DOI: 10.1371/journal.pone.0210252
Abstrakt: The development of a sterilizing vaccine against malaria remains one of the highest priorities for global health research. While sporozoite vaccines targeting the pre-erythrocytic stage show great promise, it has not been possible to maintain efficacy long-term, likely due to an inability of these vaccines to maintain effector memory T cell responses in the liver. Vaccines based on human cytomegalovirus (HCMV) might overcome this limitation since vectors based on rhesus CMV (RhCMV), the homologous virus in rhesus macaques (RM), elicit and indefinitely maintain high frequency, non-exhausted effector memory T cells in extralymphoid tissues, including the liver. Moreover, RhCMV strain 68-1 elicits CD8+ T cells broadly recognizing unconventional epitopes exclusively restricted by MHC-II and MHC-E. To evaluate the potential of these unique immune responses to protect against malaria, we expressed four Plasmodium knowlesi (Pk) antigens (CSP, AMA1, SSP2/TRAP, MSP1c) in RhCMV 68-1 or in Rh189-deleted 68-1, which additionally elicits canonical MHC-Ia-restricted CD8+ T cells. Upon inoculation of RM with either of these Pk Ag expressing RhCMV vaccines, we obtained T cell responses to each of the four Pk antigens.

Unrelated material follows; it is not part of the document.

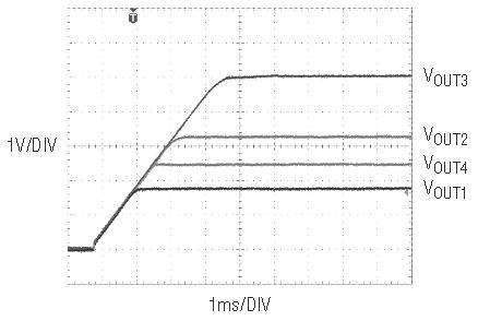 The outputs are set to coincident tracking using the 5V supply as the master. But wait, there’s no resistor divider on the TRK/SS4 pin! It’s no mistake; the LDO output coincidently tracks the supply it’s sourced from (the 3.3V supply in this case) as long as Q1 is a low VCESAT transistor, such as the NSS30101 used here. Just remember that this little cheat only works for coincident tracking. Figure 4 shows the start-up waveforms of the four outputs.

Upon challenge with Pk sporozoites we observed a delayed appearance of blood stage parasites in vaccinated RM consistent with a 75-80% reduction of parasite release from the liver. Moreover, the Rh189-deleted RhCMV/Pk vectors elicited sterile protection in one RM. Once in the blood, parasite growth was not affected. In contrast to T cell responses induced by Pk infection, RhCMV vectors maintained sustained T cell responses to all four malaria antigens in the liver post-challenge. The delayed appearance of blood stage parasites is thus likely due to a T cell-mediated inhibition of liver stage parasite development. As such, this vaccine approach can be used to efficiently test new T cell antigens, improve current vaccines targeting the liver stage and complement vaccines targeting erythrocytic antigens.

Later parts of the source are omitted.